Dataset content START
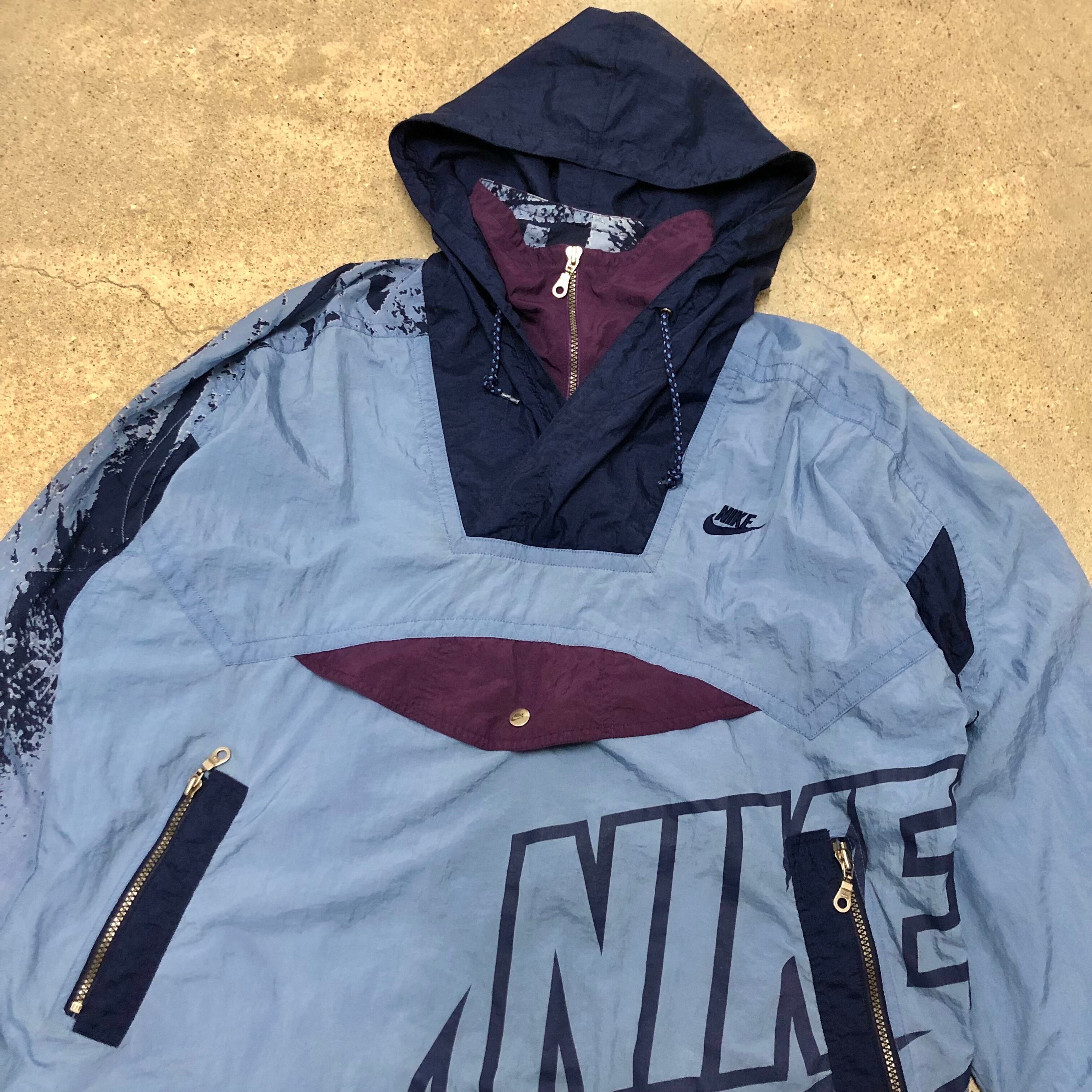 90s OLD NIKE/Anorak Nylon Hoodie/銀タグ/L/アノラックナイロンパーカー/ネイビー/総柄/ナイキ/オールドナイキ/古着/ヴィンテージ
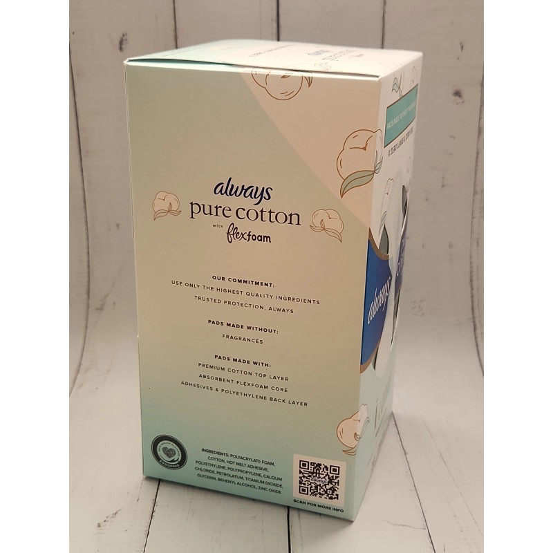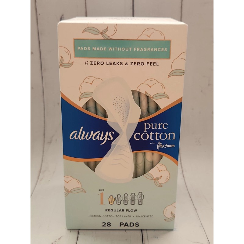 Always Pure Cotton Feminine Pads, Size 1, Regular Flow, Unscented, 28 Pads.
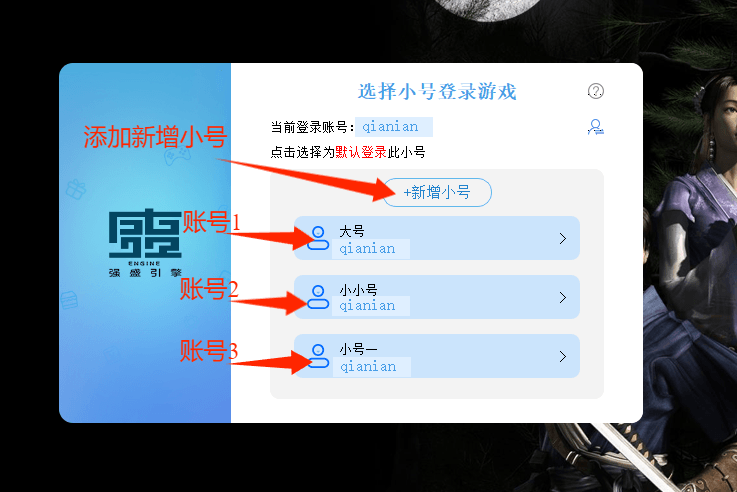 第五步:登录如需 多开 账号,登录游戏后有3秒时间,点击切换账号,选择大号或小号即可
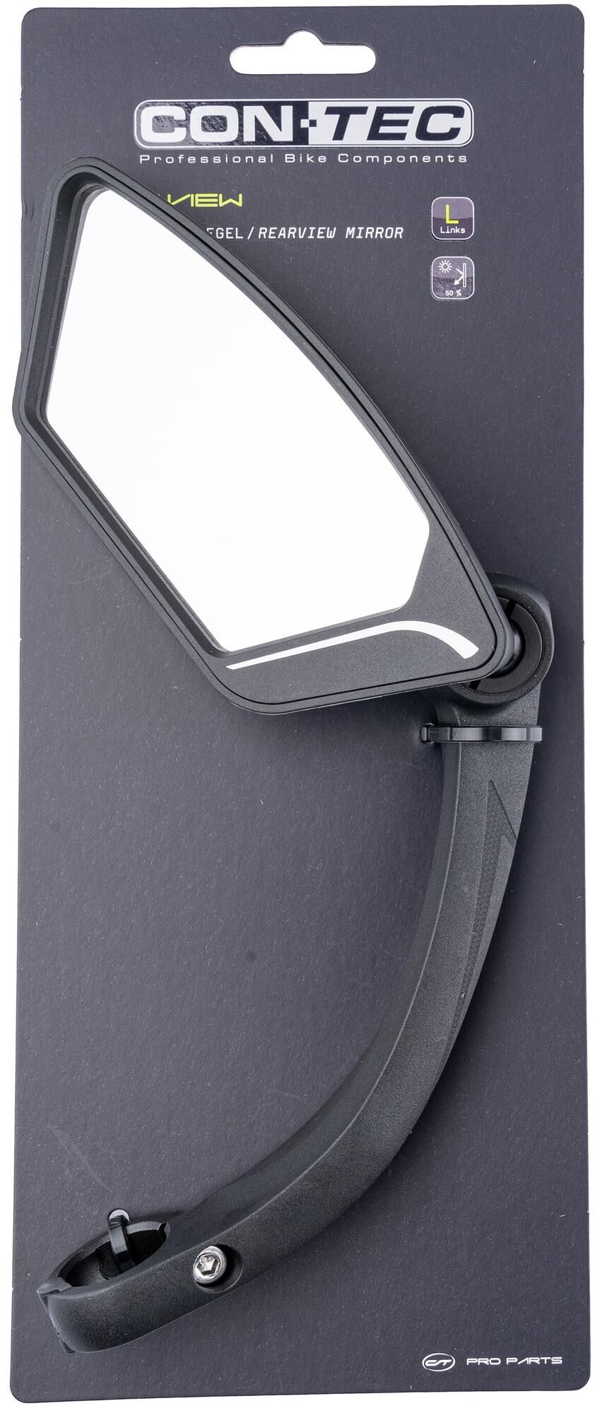 Alles schnell im ÜberblickDer Rückspiegel "E-View" verleiht eine hervorragende Übersicht auf dem E-Bike oder Fahrrad. Die Besonderheit liegt hier im um 360° verstellbaren Spiegelkopf mit Edelstahllinse. Dadurch haben Sie alles um sich herum sehr gut im Blick. Ausgestattet ist der Spiegel mit der Glare Linse, dank der um bis zu 50 % weniger Reflexion aufkommt. Dieser Rückspiegel, der sich wunderbar für E-Bikes eignet, verfügt über einen robusten Nylon-Rahmen mit Glasfaser-Anteil. Er ist für Lenker mit einem Durchmesser von 22,2 mm geeignet.Den "E-View" von CONTEC gibt es sowohl zur Montage auf der linken als auch zur Befestigung auf der rechten Seite.
Dataset content END
**Exercise objective**
Without including any images, output the data exactly as given.

**Response to this exercise**
 90s OLD NIKE/Anorak Nylon Hoodie/銀タグ/L/アノラックナイロンパーカー/ネイビー/総柄/ナイキ/オールドナイキ/古着/ヴィンテージ
 Always Pure Cotton Feminine Pads, Size 1, Regular Flow, Unscented, 28 Pads.
 第五步:登录如需 多开 账号,登录游戏后有3秒时间,点击切换账号,选择大号或小号即可
 Alles schnell im ÜberblickDer Rückspiegel "E-View" verleiht eine hervorragende Übersicht auf dem E-Bike oder Fahrrad. Die Besonderheit liegt hier im um 360° verstellbaren Spiegelkopf mit Edelstahllinse. Dadurch haben Sie alles um sich herum sehr gut im Blick. Ausgestattet ist der Spiegel mit der Glare Linse, dank der um bis zu 50 % weniger Reflexion aufkommt. Dieser Rückspiegel, der sich wunderbar für E-Bikes eignet, verfügt über einen robusten Nylon-Rahmen mit Glasfaser-Anteil. Er ist für Lenker mit einem Durchmesser von 22,2 mm geeignet.Den "E-View" von CONTEC gibt es sowohl zur Montage auf der linken als auch zur Befestigung auf der rechten Seite.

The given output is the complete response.